Where to Stay in Kyoto
There are lots of contenders for the best ryokan in Kyoto, but in the spirit of this post, I’d like to recommend some unique options. My personal favourite place I’ve ever stayed in Kyoto is Ryokan Uemura, a small guest house in Highashiyama, just steps from Maruyama Park, owned by a woman whose family has lived there several generations.
On the higher end, the Yachiyo Ryokan inside Nanzen-ji temple is very special, while the budget-friendly Santiago Guest House positions you right on the edge of all Kyoto’s action.
When to Visit Kyoto
In general, the best time to visit Japan is either cherry blossom season (which take places during the first and second weeks of April in Kyoto) or the autumn colour season, which in Kyoto reaches its peak in late November or early December. However, the obvious drawback to visiting Japan during peak periods is crowds.

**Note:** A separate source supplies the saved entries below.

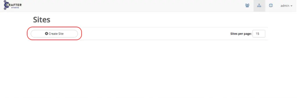 Next, you want to log in to Crafter Studio as the admin user. The admin user has the rights to create new projects (called sites.) Click Create Site.
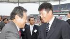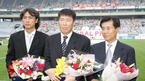 13일 인천 문학구장에서 열린 PSV 아인트호벤과 고려대 OB 프로올스타의 친선 경기에 앞서 고려대 출신인 김정남 울산 현대 감독, 차범근 수원 삼성 감독, 홍명보 대한축구협회 이사(오른쪽으로부터)가 나란히 기념패와 꽃다발을
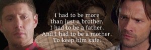 Dean: You lied to me. You promised you’d keep me safe and then you make a deal with Azazel…You left us. Alone…Dad was just a shell… And I had to be more than just a brother. I had to be a father. And a mother, to keep him safe. And it wasn’t fair…and I couldn’t do it.

A unique time to visit Kyoto while escaping the crowds is during the winter, when temperatures are relatively mild (usually above freezing), but crowds are minimal. The summer is also a less-crowded time to visit, though this can be very wet due to the annual tsuyu monsoon.
The Bottom Line
Planning to spend some time in Kyoto off the beaten path is a great idea, even if it’s your first trip to the city.
The Kyoto attractions and experience I’ve curated are a mix of truly obscure destinations, and relatively mainstream ones that manage to fly under the radar in certain circumstances. Make your unique Kyoto trip extra special by staying in an authentic ryokan guest house, or visiting during an off-peak period.